:: YOUR OBJECTIVE ::
Copy exactly the lines from the beginning of the data down to and including the line holding "берём крабовые палочки, режем", without any pictures.
___ SOURCE DATA ___
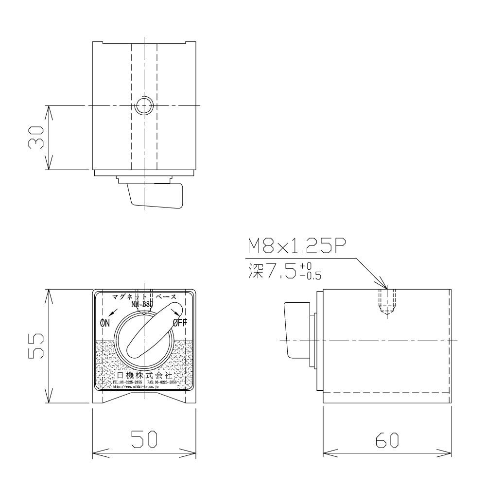 磁力がON/OFF可能なマグネットベースです。吸着面は、V型構造になっており、パイプや丸棒にも吸着可能です。
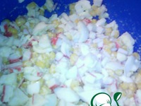 берём крабовые палочки, режем на маренькие кусочки.варим яйца, потом тоже режем на маленькие кусочки, берём кукурузу, добовляем. |
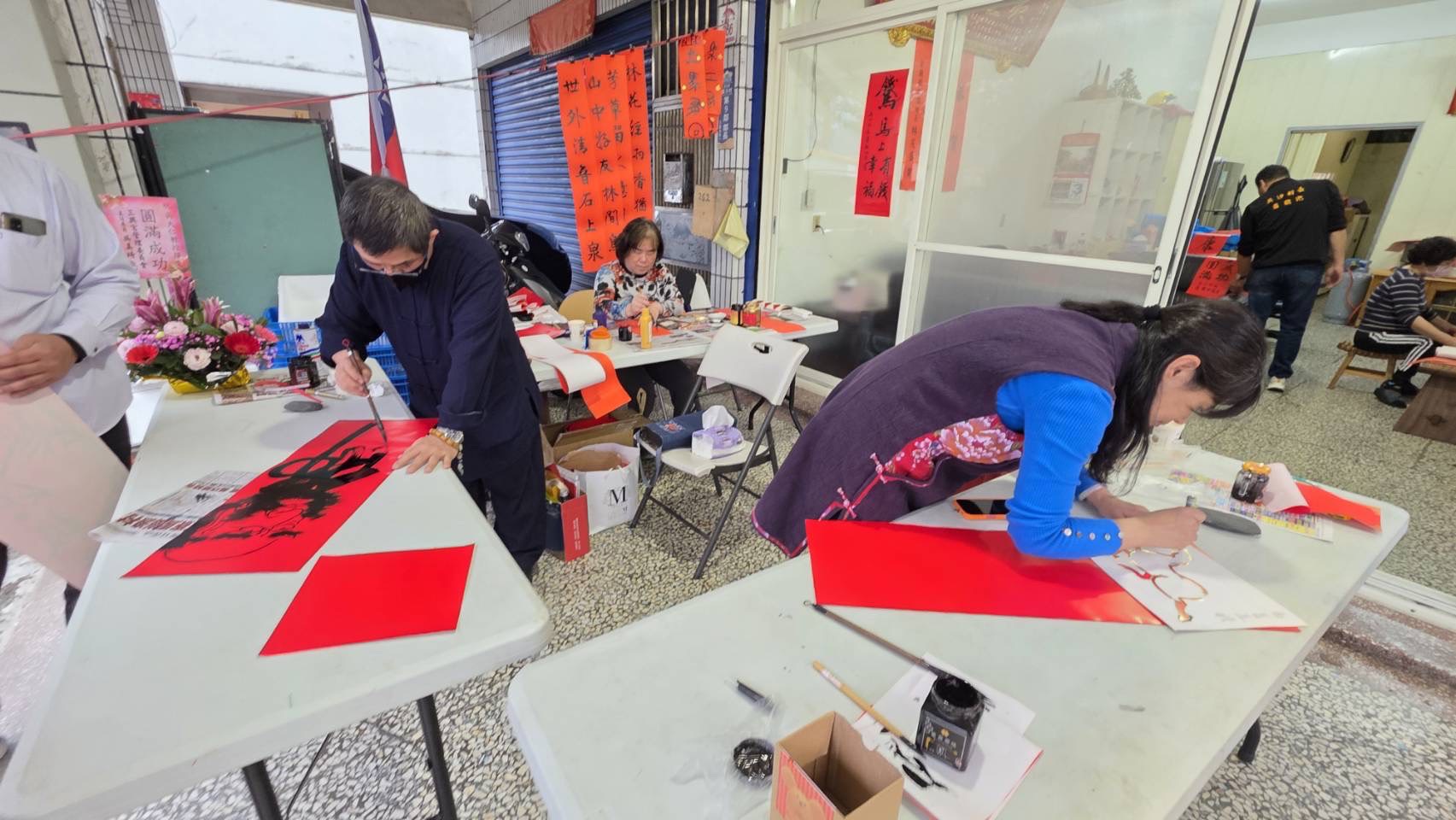 兩岸知名書法篆刻大師吳大仁,昨(7)日下午帶領其書法團隊書法老師涂慧真、劉姿妙、曾韻珊等人,到宜蘭縣礁溪鄉吳沙村村長蕭聰池服務處,揮毫送春聯,鄉親們拿到大師的春聯視若珍寶捧在手樂開懷。
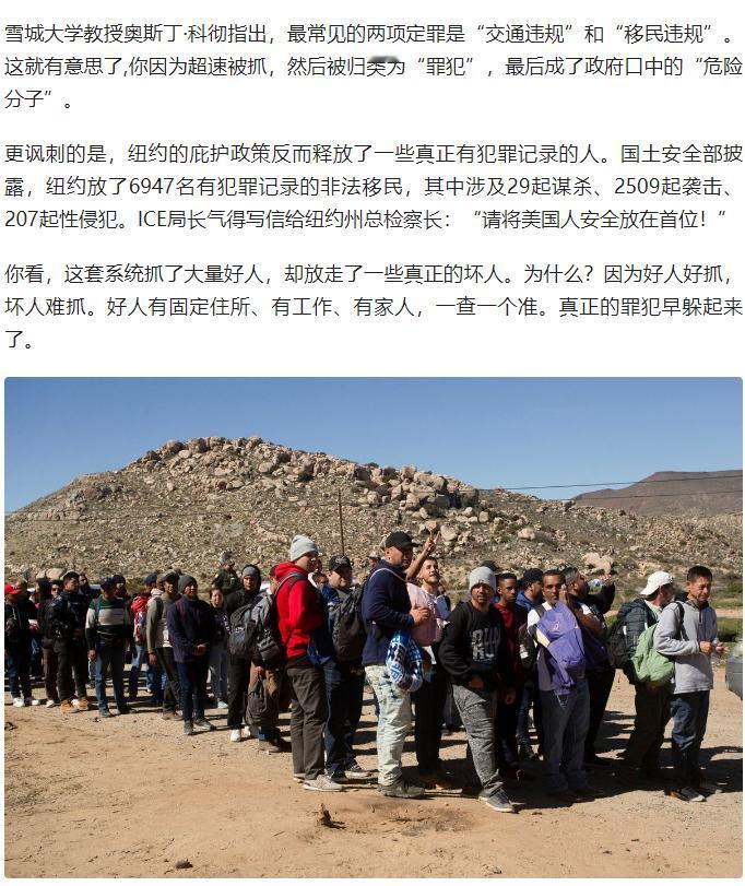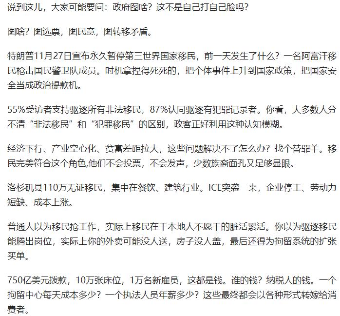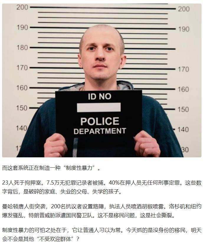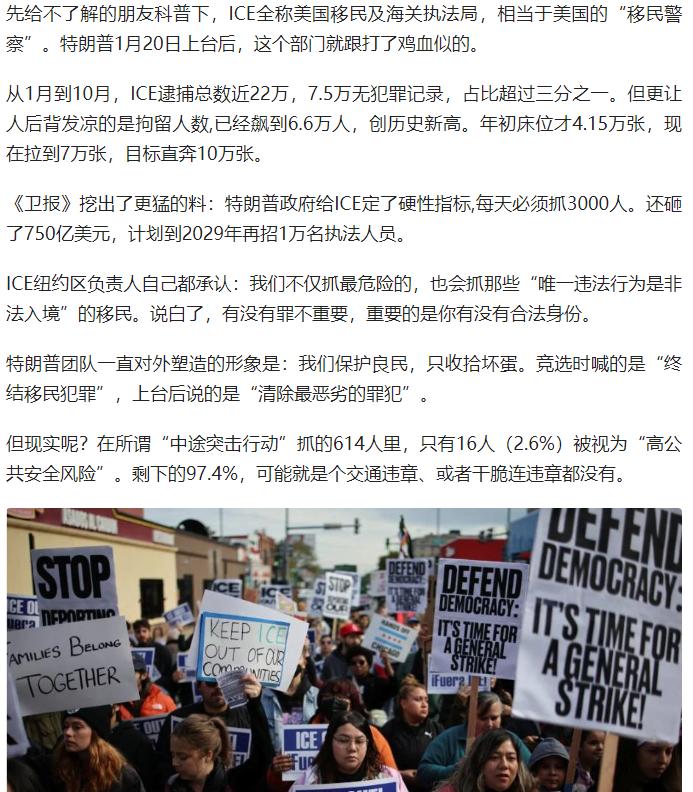 2025 年特朗普重返白宫后,美国移民及海关执法局(ICE)在 1-10 月间逮捕近 22 万移民,其中 7.5 万为无犯罪记录的普通人,占比超三分之一,而 “高公共安全风险” 者仅占极少数。 特朗普政府给 ICE 设定每日 3000 人的抓捕 KPI,砸 750 亿美元扩编拘留设施与执法人员,核心针对 “仅非法入境无其他罪行” 的移民,却放任纽约释放 6947 名涉谋杀、性侵等罪行的非法移民。 此举本质是政客的政治操弄:借阿富汗移民枪击事件等个体事件炒作移民安全问题,利用民众认知模糊转移经济下行、贫富差距等国内矛盾,将移民当作 “替罪羊” 争取选票。 政策已引发连锁反应,不仅导致餐饮、建筑等行业劳动力短缺,加重纳税人负担,还造成 23 人死于拘押、多地爆发抗议骚乱的社会撕裂,其 “制度性暴力” 隐患更值得警惕。 原文来自:IC实验室《特朗普ICE的“抓移民KPI”:22万逮捕,7.5万无罪》
___
:: RESULT ::
 磁力がON/OFF可能なマグネットベースです。吸着面は、V型構造になっており、パイプや丸棒にも吸着可能です。
 берём крабовые палочки, режем на маренькие кусочки.варим яйца, потом тоже режем на маленькие кусочки, берём кукурузу, добовляем. |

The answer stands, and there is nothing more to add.